Content starts

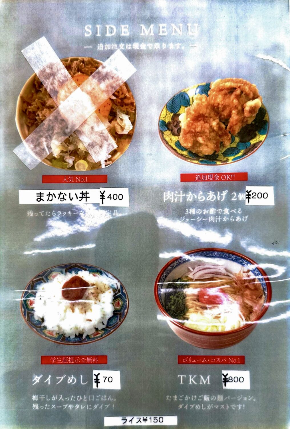 必須は〆の【ダイブめし】税込70円、これやるかどうかで満足度はもちろん、明日以降の運気までえーっとえーっと、
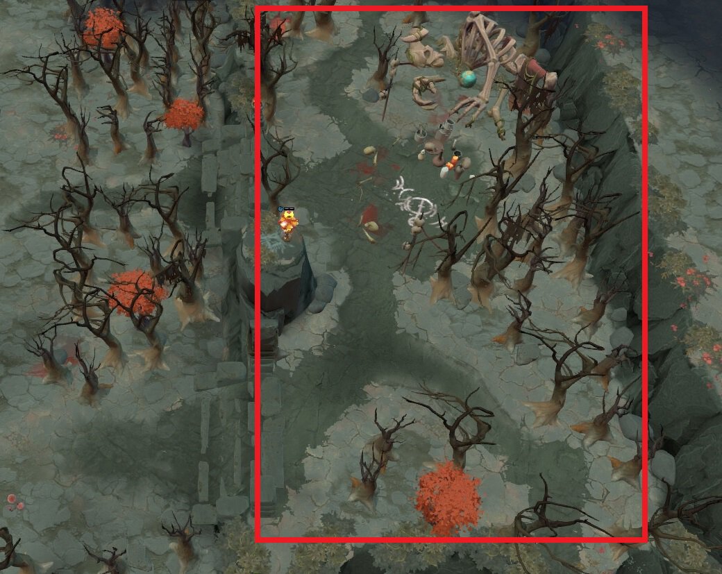 Находится на правом краю карты, справа от сложной линии сил Тьмы, между первой и второй башнями. Визуально отмечена огромным скелетом над лагерем древних. Дает бонус «Сила скелета»: +5 к урону. Область включает в себя один древний лагерь.
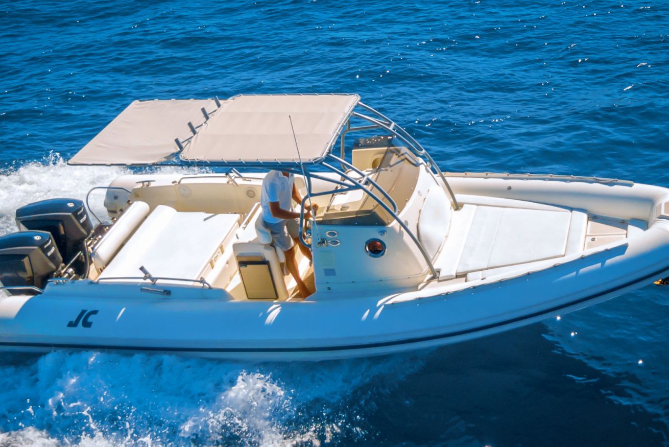 Stupendo gommone motorizzato con due motori da 225 cavalli. La barca è dotato di bellissimi prendisoli sia a poppa che a prua, Doccetta, Stereo. Punto importante è dato anche dalla piccola cucina a bordo e dal capiente frigo, ottimo per la traversata.
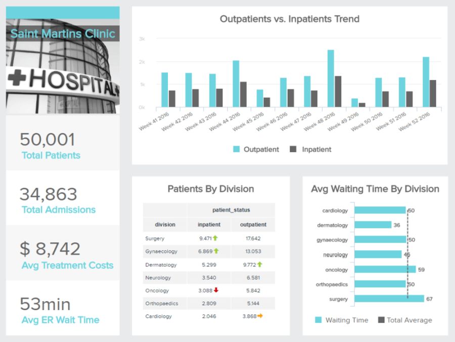 You can see here the most important metrics concerning various aspects: the number of patients that were welcomed in your facility, how long they stayed and where, how much it cost to treat them, and the average waiting time in emergency rooms. Such a holistic view helps top-management identify potential bottlenecks, spot trends and patterns over time, and in general assess the situation. This is key in order to make better-informed decisions that will improve the overall operations performance, with the goal of treating patients better and having the right staffing resources.
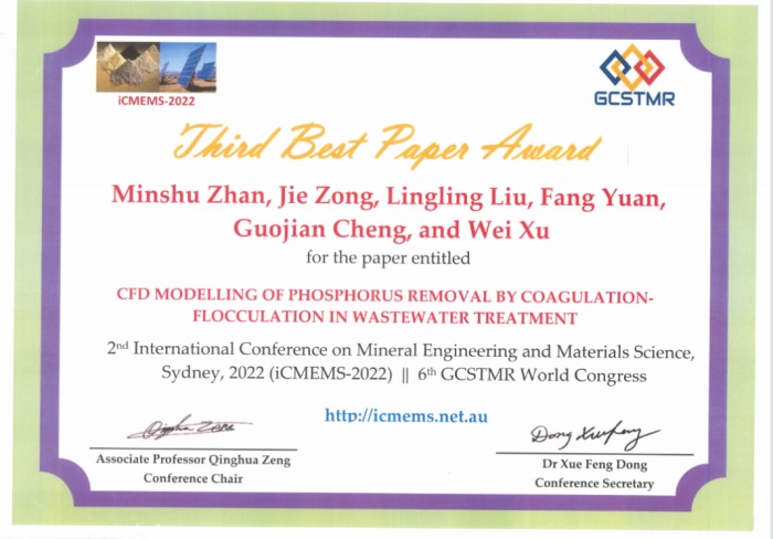 近日,基于公司牽頭承擔(dān)的集團(tuán)公司2019年度重大科技創(chuàng)新項(xiàng)目《污水處理新型藥劑開發(fā)及投加量優(yōu)化控制研究與示范》的“除磷藥劑智能投加系統(tǒng)”技術(shù)成果完成的《CFD Modelling of Phosphorus Removal by Coagulation-Flocculation in Wastewater Treatment 》論文在第2屆礦物工程與材料科學(xué)國際會(huì)議(The 2nd International Conference on Mineral Engineering and Materials Science, 簡稱iCMEMS-2022)上獲評(píng)優(yōu)秀論文(三等獎(jiǎng))。
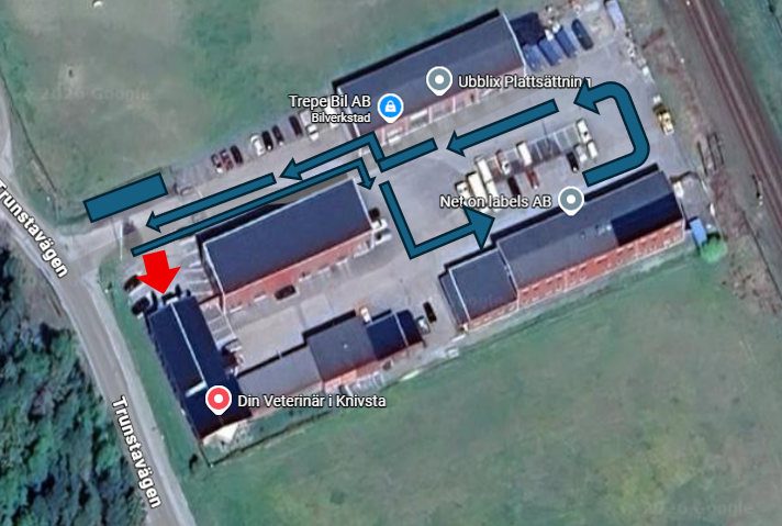 - Följ anvisningarna på kartan för in- och utfart till området (Parkera enligt instruktion utmed staketet till höger).
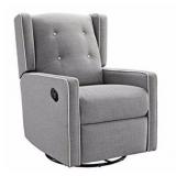 Baby Relax Mikayla Swivel Gliding Recliner, Gray Linen. Add the comfort of the Baby Relax Mikayla Swivel Gliding Recliner to your nursery room or living room and let the fun begin! The beautiful aesthetics of the design details and the exceptional comfort features will make this recliner an easy favorite! In Original Packaging Retail $339 (RT54)
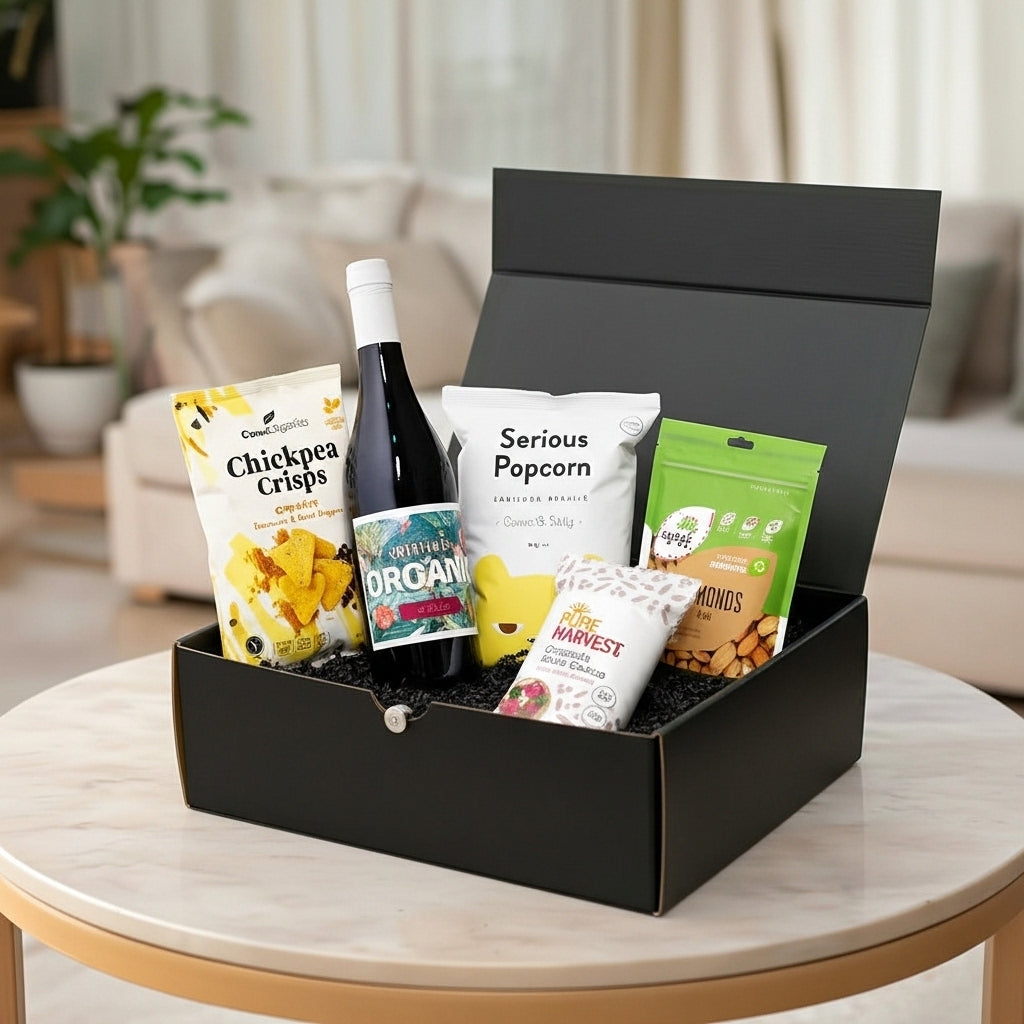 All items in this hamper are certified organic, making it a great gift for those who value eco-friendly and health-conscious choices. The wine and snacks are sustainably sourced, offering a responsible gift option for the environmentally conscious recipient.
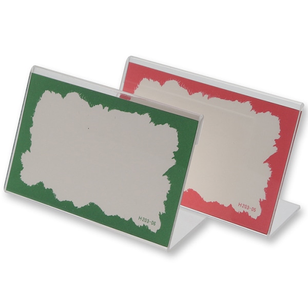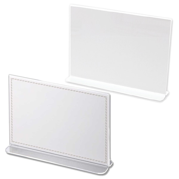 T字型のカードスタンドは、Tの字を逆さまにした形状です。縦長、横長それぞれのデザインをご用意しております。安定感があり、倒れにくいことが特長です。メニューやお知らせポップにおすすめです。
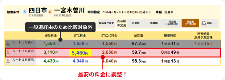 (高速道路・一般道への迂回が料金調整対象の場合)
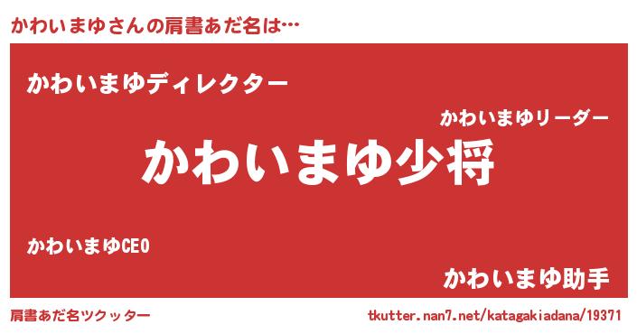 | 料理風あだ名 | 『かわいまゆごはん』 |

Content ends

* **Exercise brief**
With images omitted, output the data exactly as given.

* **Expected output**
 必須は〆の【ダイブめし】税込70円、これやるかどうかで満足度はもちろん、明日以降の運気までえーっとえーっと、
 Находится на правом краю карты, справа от сложной линии сил Тьмы, между первой и второй башнями. Визуально отмечена огромным скелетом над лагерем древних. Дает бонус «Сила скелета»: +5 к урону. Область включает в себя один древний лагерь.
 Stupendo gommone motorizzato con due motori da 225 cavalli. La barca è dotato di bellissimi prendisoli sia a poppa che a prua, Doccetta, Stereo. Punto importante è dato anche dalla piccola cucina a bordo e dal capiente frigo, ottimo per la traversata.
 You can see here the most important metrics concerning various aspects: the number of patients that were welcomed in your facility, how long they stayed and where, how much it cost to treat them, and the average waiting time in emergency rooms. Such a holistic view helps top-management identify potential bottlenecks, spot trends and patterns over time, and in general assess the situation. This is key in order to make better-informed decisions that will improve the overall operations performance, with the goal of treating patients better and having the right staffing resources.
 近日,基于公司牽頭承擔(dān)的集團(tuán)公司2019年度重大科技創(chuàng)新項(xiàng)目《污水處理新型藥劑開發(fā)及投加量優(yōu)化控制研究與示范》的“除磷藥劑智能投加系統(tǒng)”技術(shù)成果完成的《CFD Modelling of Phosphorus Removal by Coagulation-Flocculation in Wastewater Treatment 》論文在第2屆礦物工程與材料科學(xué)國際會(huì)議(The 2nd International Conference on Mineral Engineering and Materials Science, 簡稱iCMEMS-2022)上獲評(píng)優(yōu)秀論文(三等獎(jiǎng))。
 - Följ anvisningarna på kartan för in- och utfart till området (Parkera enligt instruktion utmed staketet till höger).
 Baby Relax Mikayla Swivel Gliding Recliner, Gray Linen. Add the comfort of the Baby Relax Mikayla Swivel Gliding Recliner to your nursery room or living room and let the fun begin! The beautiful aesthetics of the design details and the exceptional comfort features will make this recliner an easy favorite! In Original Packaging Retail $339 (RT54)
 All items in this hamper are certified organic, making it a great gift for those who value eco-friendly and health-conscious choices. The wine and snacks are sustainably sourced, offering a responsible gift option for the environmentally conscious recipient.
 T字型のカードスタンドは、Tの字を逆さまにした形状です。縦長、横長それぞれのデザインをご用意しております。安定感があり、倒れにくいことが特長です。メニューやお知らせポップにおすすめです。
 (高速道路・一般道への迂回が料金調整対象の場合)
 | 料理風あだ名 | 『かわいまゆごはん』 |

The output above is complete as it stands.